Work item:
Transcribe, starting at the line with "图注:Illumina 2024–2026E 年度营收变化(2026E 为公司指引中值)" and ending at the line with "Investments Plus Size", every line of the material below exactly, but leave out the pictures and anything outside that span.

The data:

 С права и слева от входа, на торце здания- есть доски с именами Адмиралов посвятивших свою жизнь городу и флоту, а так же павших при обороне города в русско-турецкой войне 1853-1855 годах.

...

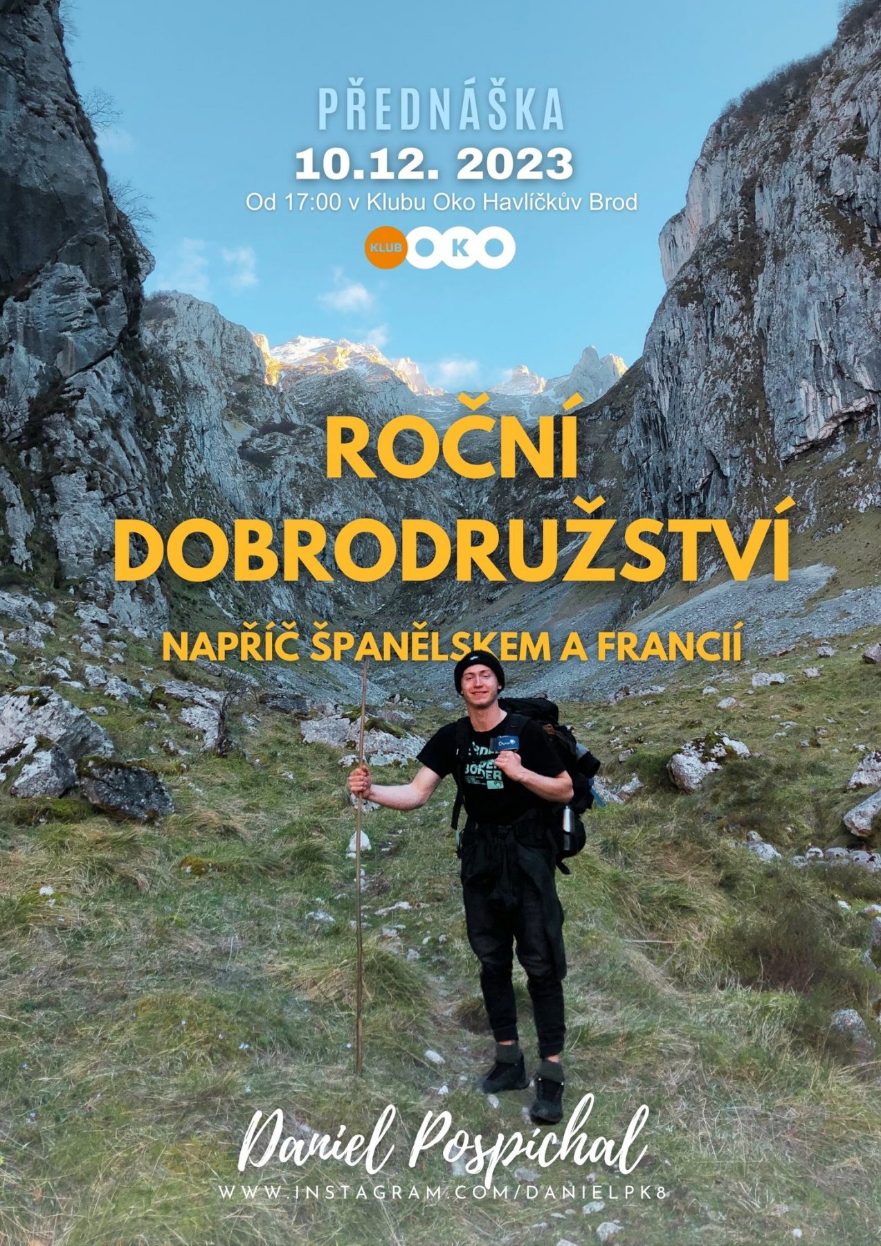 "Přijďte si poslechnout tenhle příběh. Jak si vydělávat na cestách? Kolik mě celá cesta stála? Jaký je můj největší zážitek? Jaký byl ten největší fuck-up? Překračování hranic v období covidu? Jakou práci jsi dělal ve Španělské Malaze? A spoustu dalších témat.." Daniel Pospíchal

--

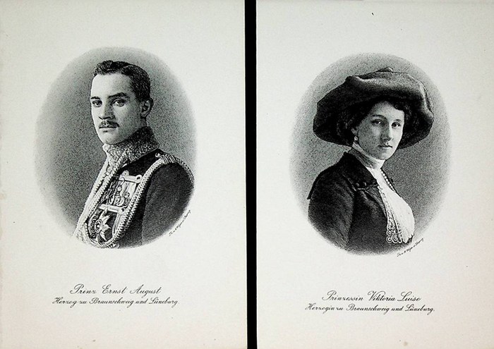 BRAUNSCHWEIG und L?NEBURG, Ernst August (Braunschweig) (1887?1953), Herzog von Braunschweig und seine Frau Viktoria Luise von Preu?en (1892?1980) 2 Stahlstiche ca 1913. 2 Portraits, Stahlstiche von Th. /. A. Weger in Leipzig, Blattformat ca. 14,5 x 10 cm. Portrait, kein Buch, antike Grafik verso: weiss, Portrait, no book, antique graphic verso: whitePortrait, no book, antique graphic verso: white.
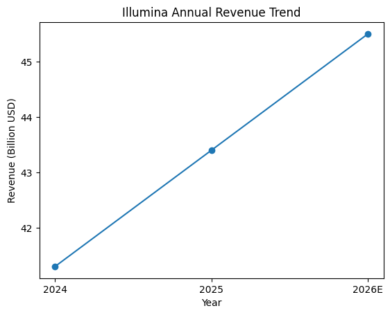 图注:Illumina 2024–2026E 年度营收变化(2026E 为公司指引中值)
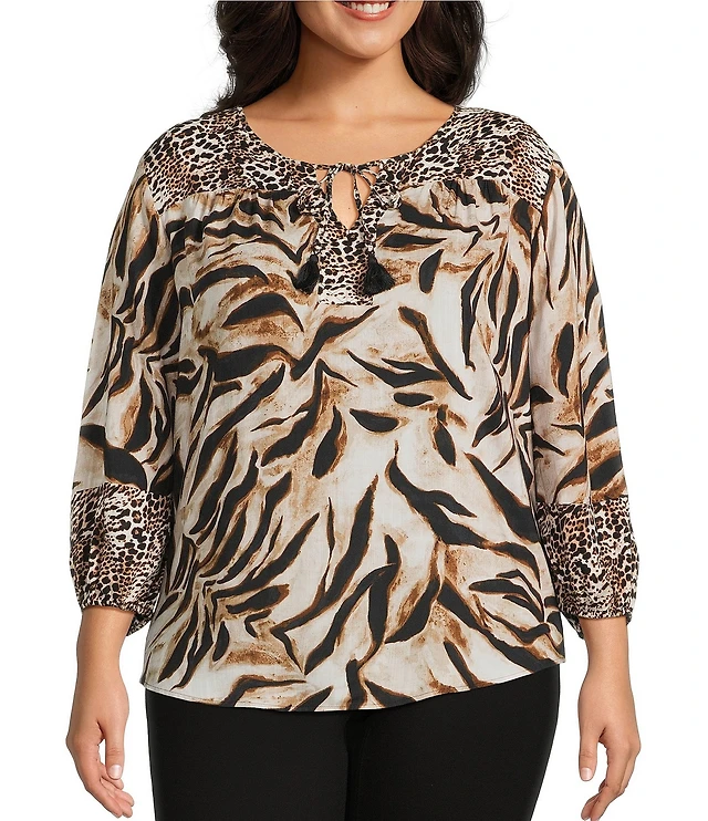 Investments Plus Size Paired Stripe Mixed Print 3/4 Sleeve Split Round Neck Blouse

Task answer:
 图注:Illumina 2024–2026E 年度营收变化(2026E 为公司指引中值)
 Investments Plus Size Paired Stripe Mixed Print 3/4 Sleeve Split Round Neck Blouse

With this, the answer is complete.